How Contractors Can Thrive Despite Tariffs and Labor Shortages

How can contractors weather this perfect storm of escalating costs and a shortage of workers? Here are a few tips.
By John Robbins
May 23, 2019
Topics
Business
Legal and Regulatory

With technology giants set to spend more than $10 billion on commercial projects in San Francisco’s Bay area in the next five years, it might not come as a surprise that construction costs in the city are now officially the most expensive in the world.

Turner & Townsend’s International Construction Market Survey 2019, which ranks 64 cities around the globe, found San Francisco has seen construction costs eclipse New York City for the first time to take this dubious title, having jumped 5% in the past 12 months.

The average cost of construction has now reached to $417 per square foot, as high demand makes the Bay area the hottest construction market in the United States.

San Francisco is one of only three markets worldwide classed as overheating, with the impact of trade tariffs on materials exacerbating existing cost pressures caused by growing labor shortages.
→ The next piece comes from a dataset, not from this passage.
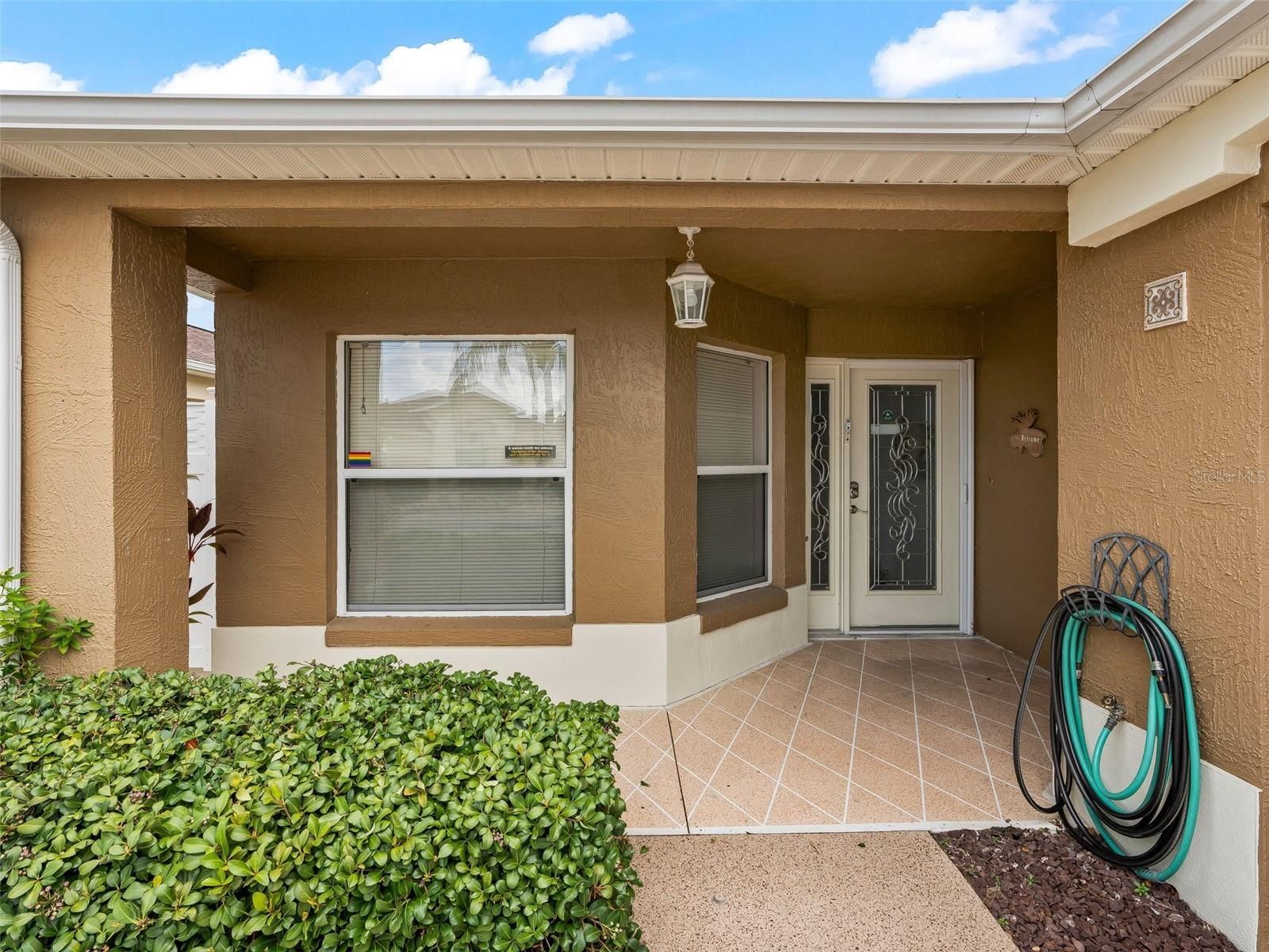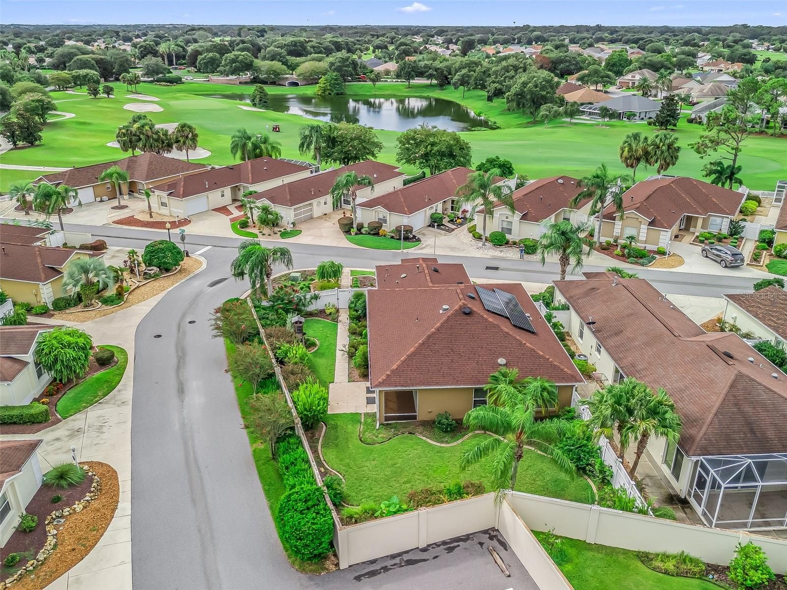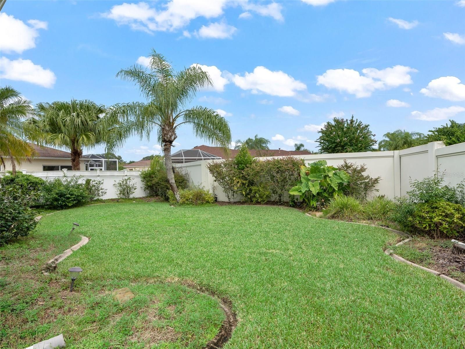 BACK ON MARKET *** BRAND NEW HVAC and HWH installed 12/25*** Welcome to The Villages lifestyle at its finest! This stunning 3 bedroom 2 bathroom Grantham Courtyard Villa offers the RARE END UNIT CORNER LOCATION with a MASSIVE PRIVATE COURTYARD where there’s plenty of room for your dream pool installation, birdcage, outdoor kitchen….the possibilities are endless. Step inside to discover an incredibly OPEN FLOOR PLAN showcasing gorgeous QUARTZ COUNTERTOPS throughout and luxury VINYL PLANK FLOORING with tile in all wet areas for easy maintenance. The kitchen features sleek BLACK STAINLESS STEEL appliances and flows seamlessly into the spacious living areas perfect for entertaining. The primary bedroom retreat includes an EN SUITE BATH, generous WALK-IN CLOSET, and french doors opening directly to your own SCREENED LANAI with CHATTAHOOCHEE RIVER ROCK FLOORING. Two additional bedrooms provide flexibility for guests or a home office while the convenient INSIDE LAUNDRY adds to everyday comfort. Outside, the incredible COURTYARD is limited only by your imagination. It’s already a lovely space with established professional landscaping, decorative curbing for minimal upkeep, and some grass for your pets' comfort . There's ample space for that dream pool you've always wanted PLUS room for an additional GOLF CART GARAGE to store all your Villages essentials. The 1.5 CAR GARAGE provides excellent storage while SOLAR PANELS help keep those Florida electricity costs manageable year-round. This BLOCK AND STUCCO construction ensures durability and low maintenance living. The Village's amenities are at your doorstep including championship golf courses, recreation centers, shopping, dining and endless entertainment options. Don't miss this exceptional END UNIT opportunity in America's premier active adult community where every day feels like vacation! ROOF REPLACED 2021. HVAC 2025. LOW LOW BOND BALANCE 2,829.45

To put this level of price escalation into context, for every building constructed in the city, seven similar structures could be built in Bangalore or Istanbul for the same cost.

The Silicon Valley effect has created a blisteringly hot construction market in San Francisco, and not only is it overshadowing activity levels on the East Coast, it’s also putting significant strain on the supply chain with average costs for construction workers in the city at $90 per hour—with some fully loaded union wages for the highest skilled trades nearly doubling this figure.

President Trump’s trade war with China is also fueling high construction costs in San Francisco and New York. With a 22.4% rise in the price of U.S. steel, developers can now expect to spend between 5% and 10% more on overall core and shell construction. In the Bay area, this has been the catalyst for some developers to look at low-rise buildings and alternative types of construction, such as mass timber structures.

How can the real estate construction sector weather this perfect storm of escalating costs and shortage of contractors?

Many clients understand that they are in an intense competition to secure the best contracting teams. Enlightened developers and clients are incentivizing contractors and setting up progressive procurement and management models.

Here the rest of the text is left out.